No changes since 0.0.7. Released so that semver users will get patches as appropriate.

Readme

Source

delayed-stream

Buffers events from a stream until you are ready to handle them.

Installation

npm install delayed-stream

Usage

The following example shows how to write a http echo server that delays its response by 1000 ms.

var DelayedStream = require('delayed-stream'); var http = require('http'); http.createServer(function(req, res) { var delayed = DelayedStream.create(req); setTimeout(function() { res.writeHead(200); delayed.pipe(res); }, 1000); });

If you are not using Stream#pipe, you can also manually release the buffered events by calling delayedStream.resume():

var delayed = DelayedStream.create(req); setTimeout(function() { // Emit all buffered events and resume underlaying source delayed.resume(); }, 1000);

Implementation

In order to use this meta stream properly, here are a few things you should know about the implementation.

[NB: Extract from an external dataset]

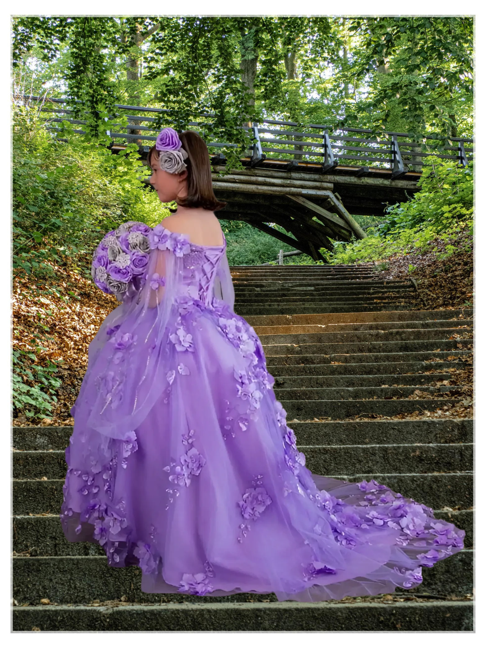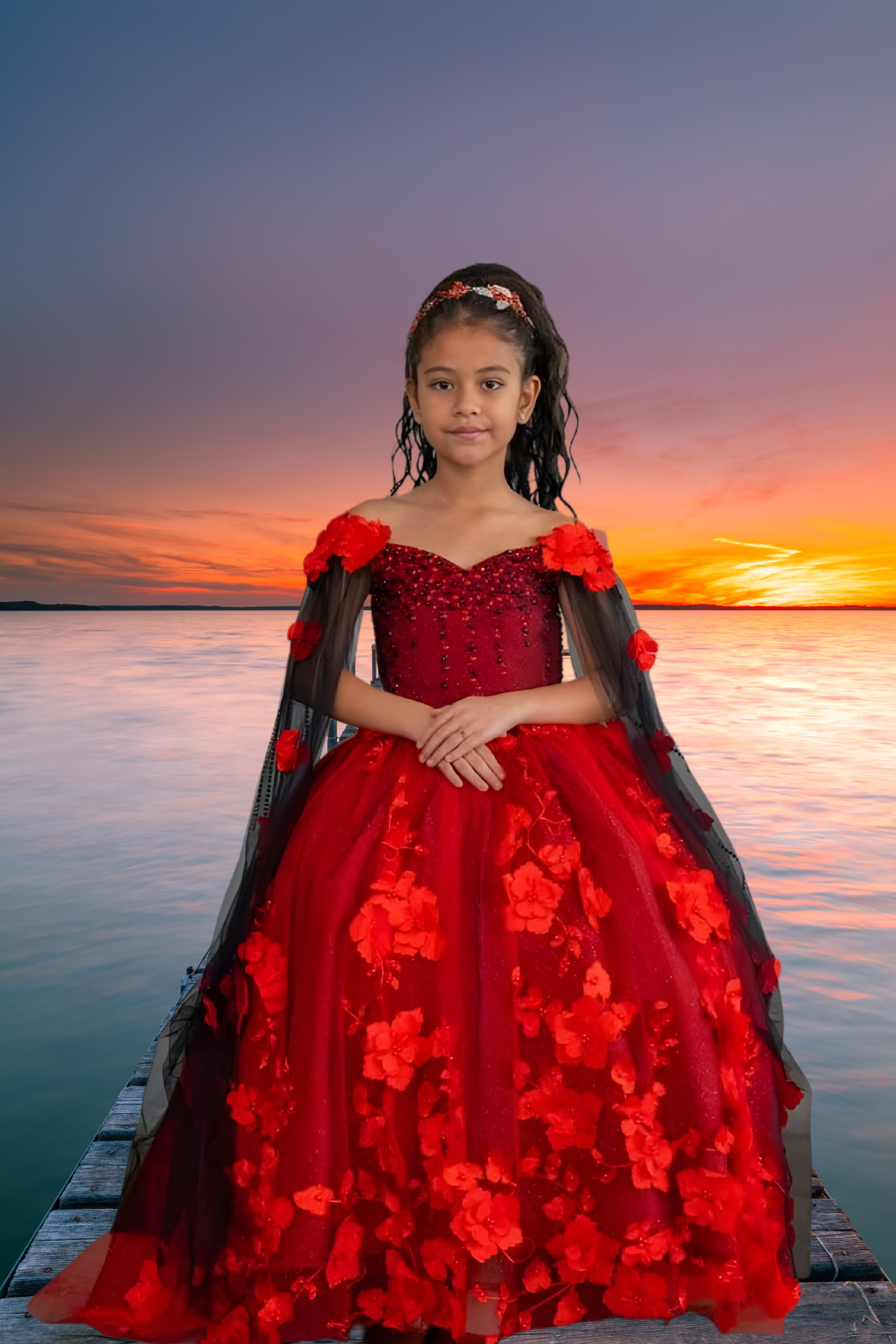 Introducing our Princess Collection of elegant flower girl dresses with stunning 3D floral designs! Perfect for the little princess in your life, these dresses are sure to make her feel like royalty on your special day. Each dress features delicate off the shoulder sleeves and a sweetheart neckline that adds a touch of elegance. The sheer cape adds a whimsical and fairy-tale quality to the ensemble. But the real showstopper is the intricate 3D floral design that covers the entire dress, giving it a magical and enchanting look.
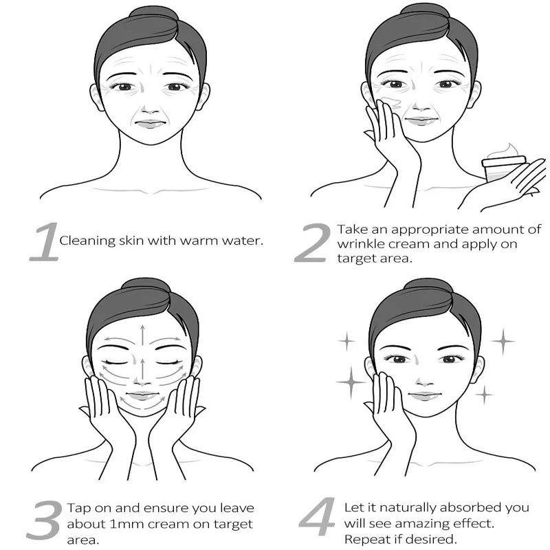 1. Очистка кожи теплой водой. 2. Возьмите соответствующее количество крема от морщин и нанесите на целевую область. 3. Нажмите и убедитесь, что вы оставили около 1 мм крема на целевой области. 4. Пусть он естественно впитывается, вы увидите потрясающий эффект. Повторите, если хотите. Теплый совет: это функциональный крем, не восстанавливающий крем. Используйте, когда вам нужно.

Event Buffering / Proxying

All events of the source stream are hijacked by overwriting the source.emit method. Until node implements a catch-all event listener, this is the only way.

However, delayed-stream still continues to emit all events it captures on the source, regardless of whether you have released the delayed stream yet or not.

Upon creation, delayed-stream captures all source events and stores them in an internal event buffer. Once delayedStream.release() is called, all buffered events are emitted on the delayedStream, and the event buffer is cleared. After that, delayed-stream merely acts as a proxy for the underlaying source.

Error handling

Error events on source are buffered / proxied just like any other events. However, delayedStream.create attaches a no-op 'error' listener to the source. This way you only have to handle errors on the delayedStream object, rather than in two places.

Buffer limits

delayed-stream provides a maxDataSize property that can be used to limit the amount of data being buffered. In order to protect you from bad source streams that don't react to source.pause(), this feature is enabled by default.

API

DelayedStream.create(source, [options])

Returns a new delayedStream. Available options are:

  • pauseStream
  • maxDataSize

The description for those properties can be found below.

delayedStream.source

The source stream managed by this object. This is useful if you are passing your delayedStream around, and you still want to access properties on the source object.

delayedStream.pauseStream = true

Whether to pause the underlaying source when calling DelayedStream.create(). Modifying this property afterwards has no effect.

delayedStream.maxDataSize = 1024 * 1024

The amount of data to buffer before emitting an error.

If the underlaying source is emitting Buffer objects, the maxDataSize refers to bytes.

If the underlaying source is emitting JavaScript strings, the size refers to characters.

If you know what you are doing, you can set this property to Infinity to disable this feature. You can also modify this property during runtime.

delayedStream.dataSize = 0

The amount of data buffered so far.

delayedStream.readable

An ECMA5 getter that returns the value of source.readable.

delayedStream.resume()

If the delayedStream has not been released so far, delayedStream.release() is called.

In either case, source.resume() is called.

delayedStream.pause()

Calls source.pause().

delayedStream.pipe(dest)

Calls delayedStream.resume() and then proxies the arguments to source.pipe.

delayedStream.release()

Emits and clears all events that have been buffered up so far. This does not resume the underlaying source, use delayedStream.resume() instead.

License

delayed-stream is licensed under the MIT license.